Hirade Kentaro, Kusumoto Shigeru, Abe Akihiro, Noritake Hatsune, Ito Asahi, Ri Masaki, Komatsu Hirokazu, Iida Shinsuke, Yamamoto Yukiya
Department of Hematology and Oncology, Nagoya City University Graduate School of Medical Sciences, Nagoya, Aichi, Japan.
Department of Hematology, School of Medicine, Fujita Health University, Toyoake, Aichi, Japan.
Int J Hematol. 2022 Dec;116(6):956-960. doi: 10.1007/s12185-022-03421-w. Epub 2022 Jul 19.
Acute promyelocytic leukemia (APL) is characterized by a series of retinoic acid receptor (RAR) fusion genes that lead to the dysregulation of RAR signaling and onset of APL. PML-RARA is the most common fusion generated from t(15;17)(q24;q21). In addition, the reciprocal fusion RARA-PML is present in over 80% of t(15;17) APL cases. The bcr3 types of RARA-PML and RARA-PLZF in particular are reciprocal fusions that contribute to leukemogenesis. Here, we report a variant APL case with t(11;17;15)(q13;q21.2;q24.1). Massive parallel sequencing of patient RNA detected the novel fusion transcripts RARA-SNX15 and SNX15-LINC02255 along with the bcr3 type of PML-RARA. Genetic analysis revealed that RARA-SNX15L is an in-frame fusion due to intron retention caused by RNA mis-splicing. RARA-SNX15L consisted mainly of SNX15 domains, including the Phox-homology domain, which has a critical role in protein-protein interactions among sorting nexins and with other partners. Co-immunoprecipitation analysis revealed that RARA-SNX15L is directly associated with SNX15 and with itself. Further studies are needed to evaluate the biological significance of RARA-SNX15L in APL. In conclusion, this is the first report of APL with a complex chromosomal rearrangement involving SNX15.

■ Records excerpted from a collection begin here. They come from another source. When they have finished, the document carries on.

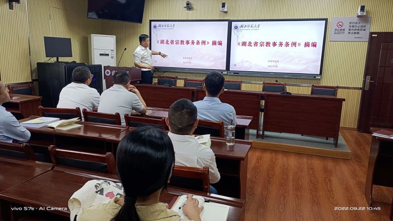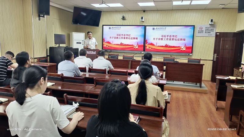 会议开始,全体党员按期缴纳了党费,重温入党誓词,学习了《党章》。随后,刘艳春分别领学了习近平在湖北、新疆、辽宁考察的重要讲话精神以及在省部级主要领导干部“学习习近平总书记重要讲话精神,迎接党的二十大”专题研讨班上的重要讲话精神,并学习了习近平在庆祝香港回归祖国25周年大会暨香港特别行政区第六届政府就职典礼上的讲话和给“中国好人”李培生胡晓春的回信精神。学院党总支书记徐明波领学了《高等学校新冠肺炎疫情防控技术方案(第六版))》《习近平总书记关于宗教工作重要论述(摘编)》《湖北省宗教事务条例(摘编)》《中央和省委民族工作会议精神》《全国和全省宗教工作会议精神》《共产党员不得信仰宗教等法律法规》等摘编。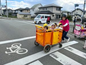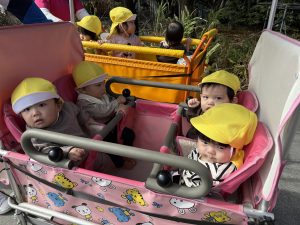 歩ける子は保育者と手をつなぎ、歩いたり、カートに乗って移動しました。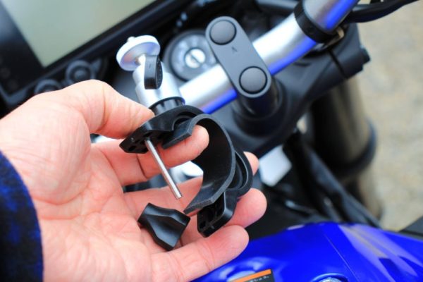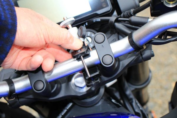 私のMT-03ABSの様にパイプハンドルのバイクだったら簡単です。ハンドルに挟み込んで取り付けが出来るタイプのマウントを探したところ良い物が見つかりました。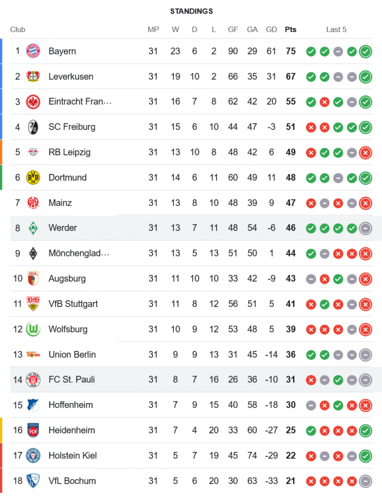 โปรแกรมใน ตารางบอล นัดถัดไป เบรเมนจะต้องยกพลบุกเยือนถิ่นโหดของยูเนี่ยน เบอร์ลิน ในวันที่ 3 พฤษภาคมนี้ เวลา 20:30 น. ขณะที่ซังค์ เพาลีเตรียมเปิดบ้านพบกับสตุ๊ตการ์ตในวันเดียวกัน เป็นแมตช์สำคัญต่อเส้นทางหนีตกชั้นของพวกเขา

急性早幼粒细胞白血病(APL)的特征是一系列维甲酸受体(RAR)融合基因,这些基因导致RAR信号失调和APL发病。PML-RARA是由t(15;17)(q24;q21)产生的最常见融合基因。此外,在超过80%的t(15;17) APL病例中存在相互融合的RARA-PML。特别是RARA-PML和RARA-PLZF的bcr3类型是有助于白血病发生的相互融合基因。在此,我们报告一例伴有t(11;17;15)(q13;q21.2;q24.1)的变异型APL病例。对患者RNA进行大规模平行测序检测到新的融合转录本RARA-SNX15和SNX15-LINC02255以及bcr3类型的PML-RARA。基因分析显示,RARA-SNX15L是由于RNA错配剪接导致内含子保留而形成的读码框内融合基因。RARA-SNX15L主要由SNX15结构域组成,包括Phox同源结构域,该结构域在分选连接蛋白之间以及与其他伙伴的蛋白质-蛋白质相互作用中起关键作用。免疫共沉淀分析显示,RARA-SNX15L与SNX15直接相关且能自身相互作用。需要进一步研究来评估RARA-SNX15L在APL中的生物学意义。总之,这是首例报道的伴有涉及SNX15的复杂染色体重排的APL病例。